Friday, April 26, 2019

Measles and the Limits of Facts

Students are currently being quarantined in Los Angeles. Mandatory-vaccination policies have been implemented in Brooklyn. Even President Donald Trump, contrary to prior assertions, today urged people to get children vaccinated.

All for a disease that was declared eliminated in the United States two decades ago.

This week, the Centers for Disease Control and Prevention announced that measles outbreaks have led to the highest number of cases reported in the country since that declaration in 2000.

The overall number of cases—695 so far—is not a significant portion of the millions annually around the world. But it’s the pattern and direction that are striking to global officials, as well as America’s unpreparedness to address the actual source. Among wealthy countries, the United States has, by far, the highest number of children who did not receive the first two measles vaccination doses over the past several years. The American outbreaks are described by officials as multiple and “unrelated,” stretched across 22 states, meaning that each has potential to spread further. But the unifying forces behind them are clear.

[Read: Measles outbreaks are a sign of bigger problems]

As the number of cases has risen in the United States—which has historically been at the fore of global-health campaigns—it has also risen around the world. By 2017, the disease that killed half a million people annually at the turn of the century was down to 110,000. Now, the first three months of the year saw a 300 percent increase from the same period a year ago, according to a report from UNICEF.

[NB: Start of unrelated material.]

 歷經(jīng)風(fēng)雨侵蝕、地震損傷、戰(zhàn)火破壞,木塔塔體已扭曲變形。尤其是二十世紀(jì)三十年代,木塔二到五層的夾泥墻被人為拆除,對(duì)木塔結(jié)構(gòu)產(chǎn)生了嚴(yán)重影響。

The Global Vaccine Alliance ties the issue together, citing a storm of seemingly disparate factors: disinformation campaigns in Europe, a collapsing health system in Venezuela, and pockets of low immunization in Africa. In South Sudan, where hundreds of measles cases have been reported in recent months, efforts to vaccinate people after the country’s civil war appear to have been thwarted because of the difficulty of keeping vaccines cool—not because people are refusing them.

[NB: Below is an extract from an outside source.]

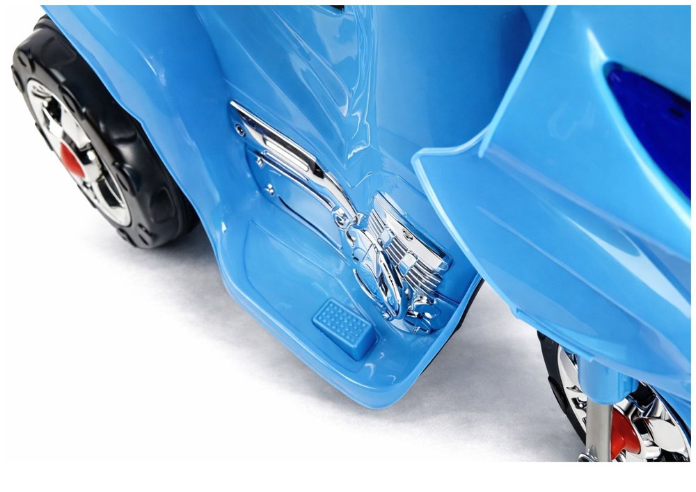 Šis modelis išsiskiria ryškiai mėlynu kėbulu, spalvingais lipdukais ir chromo imitacijos detalėmis, kurios suteikia motociklui tikrovišką, sportišką įvaizdį. Tvirta ABS plastiko konstrukcija užtikrina ilgaamžiškumą, o trijų ratų sistema suteikia stabilumo vaikams, kurie dar tik mokosi išlaikyti pusiausvyrą. Tai puikus pasirinkimas kaip pirmasis elektrinis motociklas.

Though the United States’ own outbreaks are unrelated in a physical sense, they are linked to a growing online disinformation movement. In a statement on Thursday, the CDC said the outbreak in New York is significant in part due to “misinformation in the communities about the safety of the measles/mumps/rubella vaccine. Some organizations are deliberately targeting these communities with inaccurate and misleading information about vaccines.”

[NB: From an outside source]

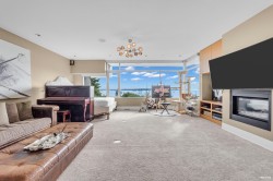 Architectural masterpiece in prestigious Rockridge! This 5,748 sq ft contemporary residence on a 12,633 sq ft south-facing lot captures breathtaking ocean, city and sunset views from all levels. Built with concrete, steel and glass, it showcases soaring ceilings, floor-to-ceiling windows, radiant heat, A/C, and a state-of-the-art smart home system. Features 5 beds, 7 baths, gourmet kitchen with top-tier appliances, media room, wine cellar, and elegant indoor-outdoor flow. Resort-style pool, spa, terraces, and landscaped gardens offer ultimate privacy. Close to Caulfeild Elementary and Rockridge Secondary.

[Read: How misinfodemics spread disease]

The overall effect is a single, global dilemma. There is no opting out. The death toll will go up or down; the choice is between doing what’s possible to contain the virus and enabling its spread. Media ecosystems have evolved and siloed people in ways familiar to political discourse, but they remain poorly addressed in public health.

In a statement this week, U.S. Secretary of Health and Human Services Alex Azar reiterated a tactic that has proven ineffective at reaching skeptical populations in recent years: telling them what to do. “Vaccines are a safe, highly effective public-health solution that can prevent this disease,” he said. “The measles vaccines are among the most extensively studied medical products we have, and their safety has been firmly established over many years in some of the largest vaccine studies ever undertaken.”

Earlier this month, CNN asked 10 current and former liaison members of the CDC’s Advisory Committee on Immunization Practice about the agency’s plans for countering anti-vaccination disinformation online. The response of the senior director of infection control at the Minnesota Children’s Hospital, Patricia Stanfield, was emblematic: “I feel like on social media, the anti-vaxxers are very sophisticated and active and way ahead of us.” Another official, who declined an interview, issued a statement that included: “It is critical that parents and anyone seeking information about vaccines have access to credible information.”

Research suggests that the reason informed people fall into conspiracy-theory mind-sets often has less to do with a lack of information than with social and emotional alignment. Facts are necessary, but not at all sufficient. Websites and YouTube videos where a federal employee in a suit states various statistics are unlikely to be effective against targeted disinformation campaigns that only need to plant the seed of doubt in the minds of people already skeptical of the medical establishment. The work of global inoculation requires first rebuilding a social contract, which means meeting people on the platforms where they now get their information, in the ways they now consume it.